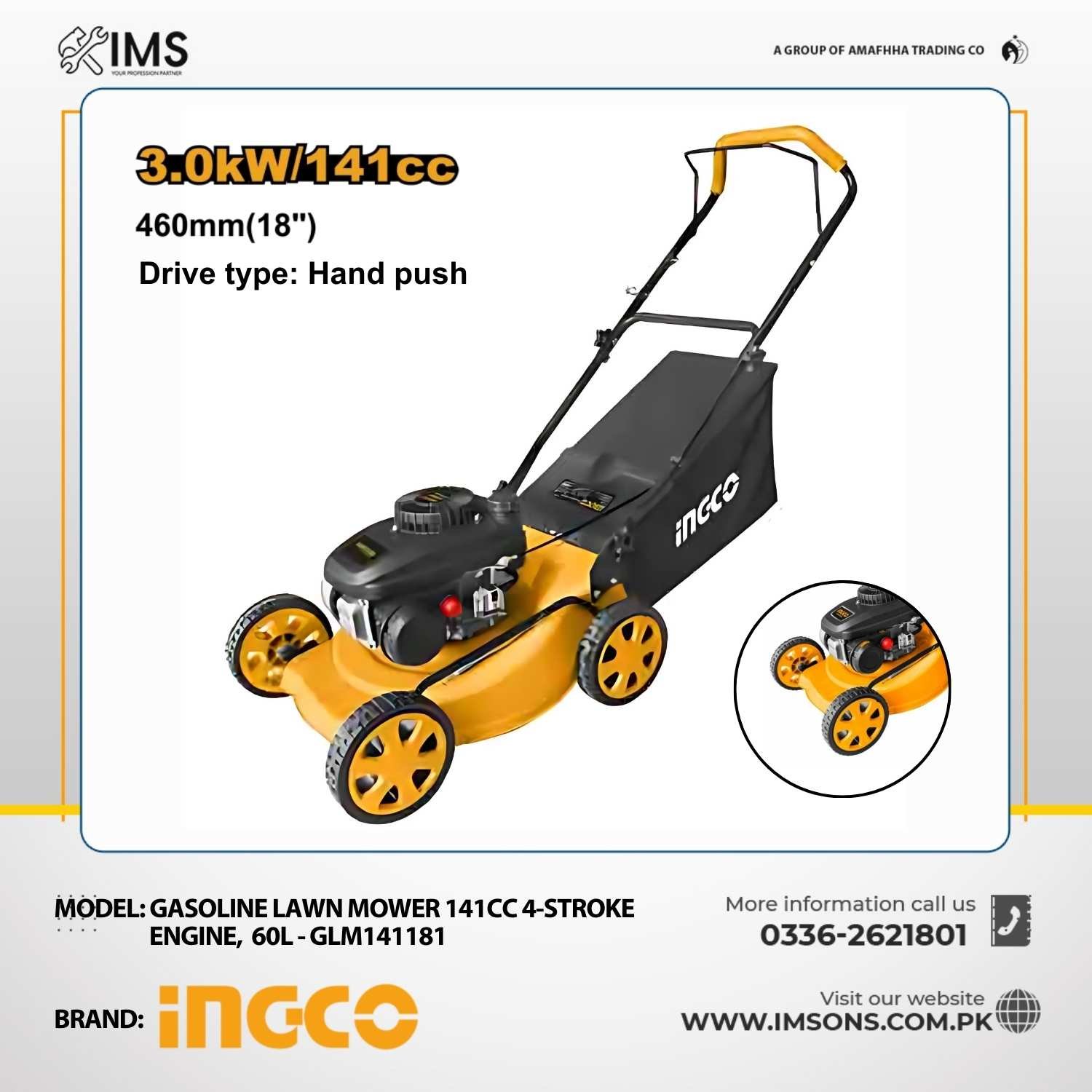 Powerful 141cc 4-stroke engine for consistent mowing performance.
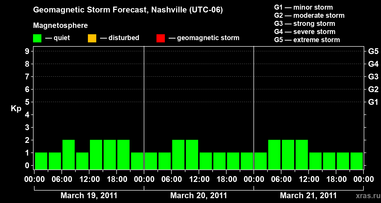 Geomagnetic storm forecast in Nashville for Mar 19, 2011
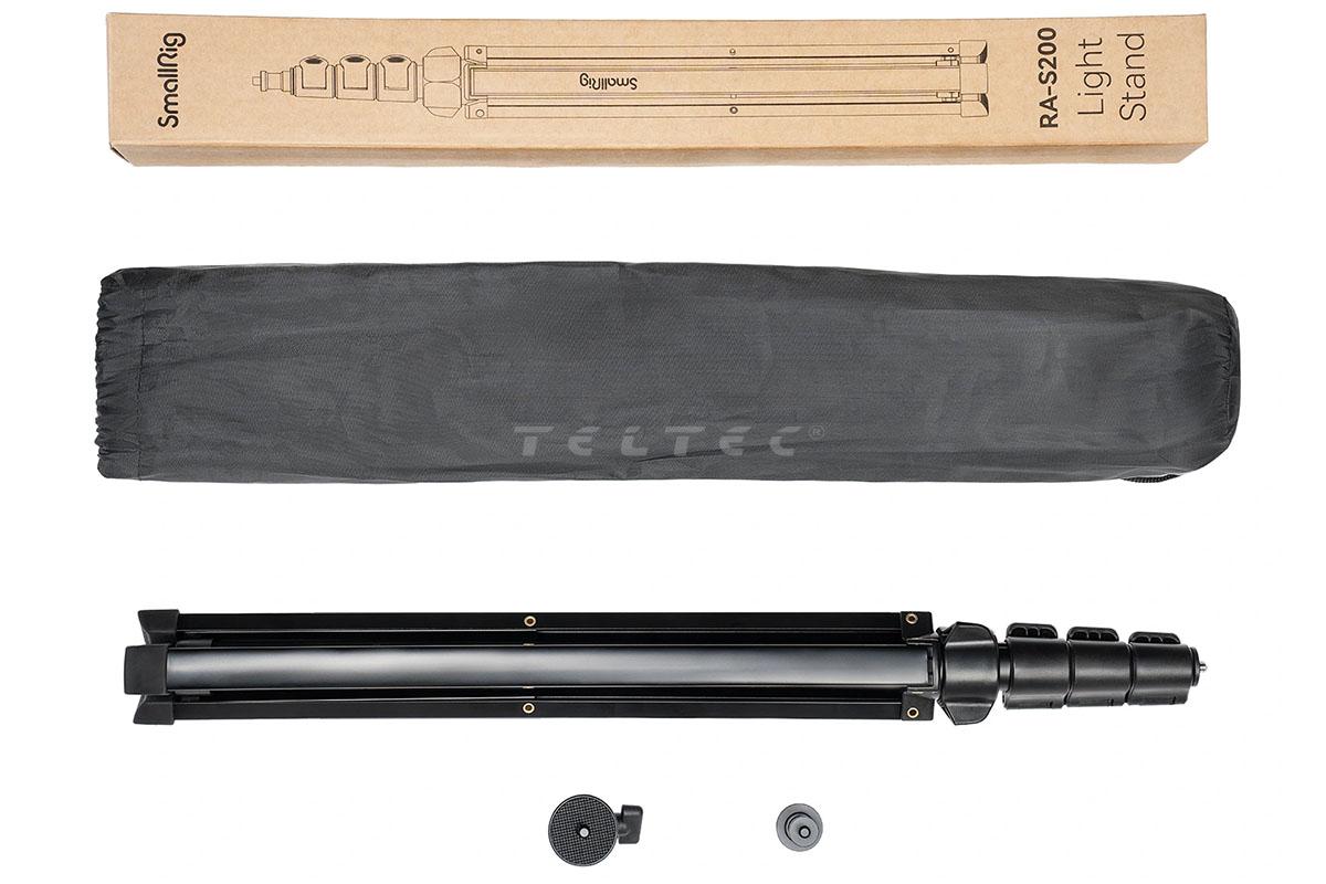 Das SmallRig RA-S200 ist ein leichtes Beleuchtungs-Staiv mit einer Traglast von bis zu 4 kg. Es eignet sich für Ringleuchten, Flächenleuchten und COB-Leuchten aber auch für Mikrofone und anderes Zubehör. Bei einer einstellbaren Höhe von 56 bis 200 cm ist es mit einem Eigengewicht von nur ca. 1.000 g und einem Packmaß von 56 cm sehr kompakt und einfach zu transportieren. Im Lieferumfang ist eine Aufbewahrungstasche und ein Metallkugelkopf enthalten, der sich für die verschiedensten Aufnahmeszenarien eignet.
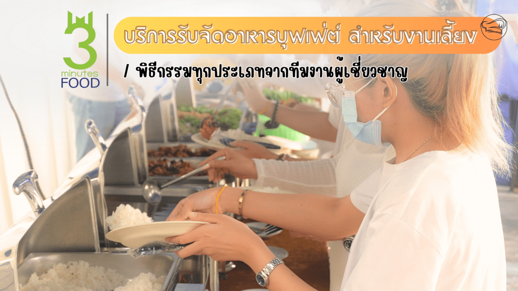 3minutesfood ผู้เชี่ยวชาญด้านการให้บริการรับจัดอาหารบุฟเฟ่ต์ที่มีความหลากหลายไม่ว่าจะเป็นเมนูอาหารไทย เมนูอาหารญี่ปุ่น เมนูอาหารจีน เมนูอาหารสุขภาพ และอื่นๆ นอกจากนี้ยังมีบริการจัดส่งอาหารที่สะดวกสบายและมีมาตราการการรักษาปลอดภัยเรื่องการขนส่งอาหารให้กับลูกค้า สิ่งเหล่านี้จะช่วยทำให้งานเลี้ยงของคุณเป็นเรื่องง่ายๆ และสะดวกสบายมากยิ่งขึ้น
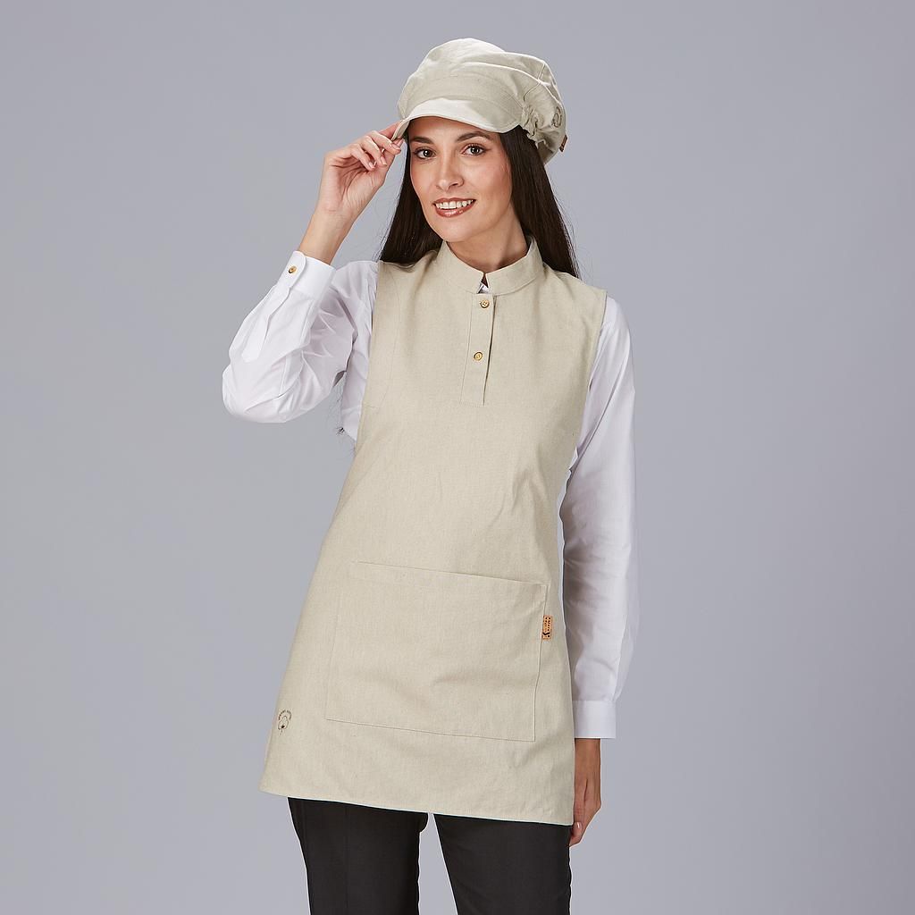 Gorra unisex de cocina tipo panadero, con visera semi rígida. Modelo confeccionado en 100% algodón orgánico, disponible en color beige o gris marengo. Cuenta con goma en la parte trasera para recoger el pelo de forma cómoda. Ideal como complemento para uniforme en hostelería y restauración, panaderías y pastelerías o comercio de alimentación.
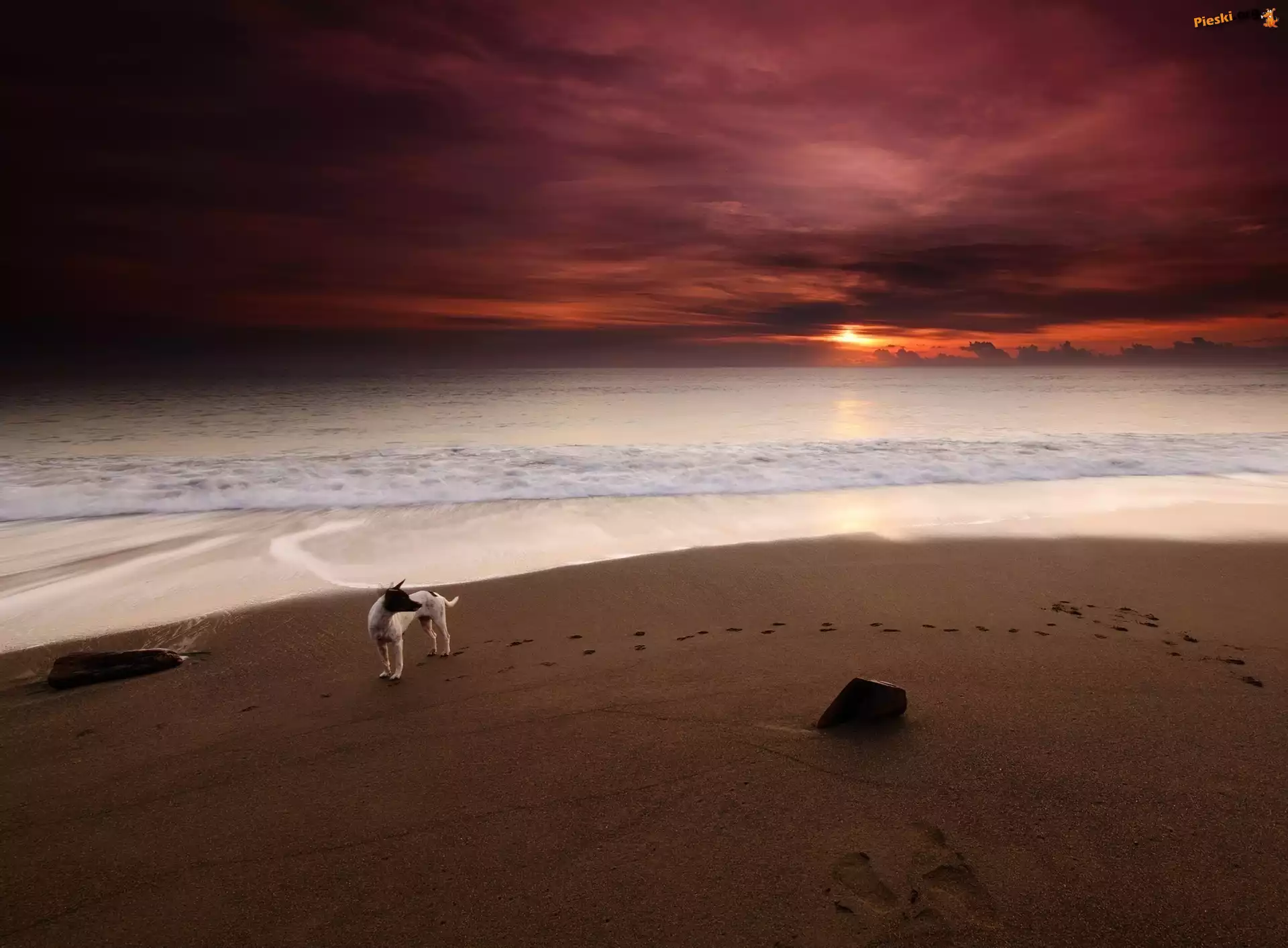 Morze, Piesek, Zachód Słońca, Plaża, Piasek, Ślady, Pieski

- _WHAT YOU WILL DO_: With the pictures removed, return each record above exactly as given.

- _ANSWER FOR THIS EXERCISE_:
 Powerful 141cc 4-stroke engine for consistent mowing performance.
 Geomagnetic storm forecast in Nashville for Mar 19, 2011
 Das SmallRig RA-S200 ist ein leichtes Beleuchtungs-Staiv mit einer Traglast von bis zu 4 kg. Es eignet sich für Ringleuchten, Flächenleuchten und COB-Leuchten aber auch für Mikrofone und anderes Zubehör. Bei einer einstellbaren Höhe von 56 bis 200 cm ist es mit einem Eigengewicht von nur ca. 1.000 g und einem Packmaß von 56 cm sehr kompakt und einfach zu transportieren. Im Lieferumfang ist eine Aufbewahrungstasche und ein Metallkugelkopf enthalten, der sich für die verschiedensten Aufnahmeszenarien eignet.
 3minutesfood ผู้เชี่ยวชาญด้านการให้บริการรับจัดอาหารบุฟเฟ่ต์ที่มีความหลากหลายไม่ว่าจะเป็นเมนูอาหารไทย เมนูอาหารญี่ปุ่น เมนูอาหารจีน เมนูอาหารสุขภาพ และอื่นๆ นอกจากนี้ยังมีบริการจัดส่งอาหารที่สะดวกสบายและมีมาตราการการรักษาปลอดภัยเรื่องการขนส่งอาหารให้กับลูกค้า สิ่งเหล่านี้จะช่วยทำให้งานเลี้ยงของคุณเป็นเรื่องง่ายๆ และสะดวกสบายมากยิ่งขึ้น
 Gorra unisex de cocina tipo panadero, con visera semi rígida. Modelo confeccionado en 100% algodón orgánico, disponible en color beige o gris marengo. Cuenta con goma en la parte trasera para recoger el pelo de forma cómoda. Ideal como complemento para uniforme en hostelería y restauración, panaderías y pastelerías o comercio de alimentación.
 Morze, Piesek, Zachód Słońca, Plaża, Piasek, Ślady, Pieski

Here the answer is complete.